Our central operational headquarters for Europe and the North and South Americas will be based in Lithuania. From here, we will provide services for the whole of Europe and North Americas. We made this decision after considering the flexibility of the Bank of Lithuania, the speed of the EMI licence issuance, the excellent specialists in the country’s labour market and, last but not least – the operational costs. Having taken all of these factors into account, we see that Lithuania is the most competitive country for fintech companies.
A rapidly-growing Singapore-headquartered start-up financial technology firm, InstaReM, will provide international money transfer services in Europe from Vilnius. The Bank of Lithuania issued an approval today for the Electronic Money Institution (EMI) licence to the company. InstaReM plans to employ 25 Information Technology and Customer Service specialists by the end of the year and gradually build up its team in Lithuania.
Searching for the most suitable location for investments, the representatives of the company considered the benefits of London as one of the key financial hubs in Europe, as well as many other countries in continental Europe.
Currently, the company provides services to individuals and businesses in Australia, Singapore, Hong Kong, Canada, India and Malaysia. The EMI licence issued by the Bank of Lithuania will allow operations in the common market of the European Union by passporting through the SEPA region. Moreover, in early 2018, InstaReM plans to apply for a specialised bank licence.
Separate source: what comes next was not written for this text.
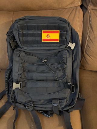 Mochila negra de estilo táctico, ideal para entrenamientos o uso diario. - Compartimento principal espacioso. - Múltiples correas MOLLE para personalización. - Bolsillo frontal con cierre de cremallera. - Panel de velcro para parches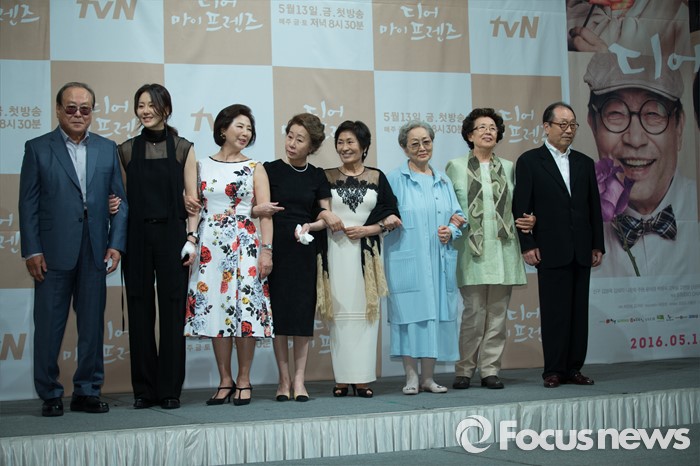 tvN '디어 마이 프렌즈'는 오는 13일 오후 8시 30분 첫 방송된다.(서울=포커스뉴스) 4일 오후 서울 강남구 임피리얼 팰리스 호텔에서 열린 tvN 10주년 특별기획 '디어 마이 프렌즈' 제작발표회에 참석한 배우 주현(왼쪽부터), 고현정, 고두심, 윤여정, 김혜자, 김영옥, 나문희, 신구가 포토타임을 갖고 있다. 2016.05.04 김유근 기자 황혼의 이야기를 그린 노희경 작가의 신작 tvN '디어 마이 프렌즈'가 오는 13일 오후 8시 30분 첫 방송된다. 사진은 드라마 포스터. <사진제공=CJ E&M>황혼의 이야기를 그린 노희경 작가의 신작 tvN '디어 마이 프렌즈'가 오는 13일 오후 8시 30분 첫 방송된다. 사진은 드라마 포스터. <사진제공=CJ E&M>

InstaReM has developed a strong internal training programme and aims to employ university graduates as well as experienced specialists. InstaReM foresees that a quarter of its employees will work in one of its major offices in Vilnius. Established in 2014, the company currently employs more than 100 staff.
“For several years, Lithuania has been working to improve the start-up ecosystem, providing more opportunities to young Lithuanian companies as well as rapidly growing new businesses from abroad. We have successful start-ups that have moved to Lithuania from neighbouring countries such as Russia or Belarus, but start-ups from Asia turn a new page in the history of the ecosystem,” said Minister of Economy Mindaugas Sinkevičius.
“In the sector of international financial transfers, Lithuania has discovered a market and shortly thereafter bridges of financial flows have appeared via Lithuania between the European Union and Israel, China and Singapore. The establishment of this company will make us part of an even bigger transatlantic network. Nevertheless, in the future, Lithuania should expand its range of specialisations in the fintech sector, which is rapidly attracting the interest of investors,” said Mantas Katinas, managing director of the investment promotion agency Invest Lithuania.
InstaReM is South East Asia’s largest digital cross-border payments company processing over 2 million transactions annually. The firm plans to invest approximately 3 million euros in its European operations over the next two years. InstaReM recently raised US$13 million from leading investors in Asia to fuel its expansion.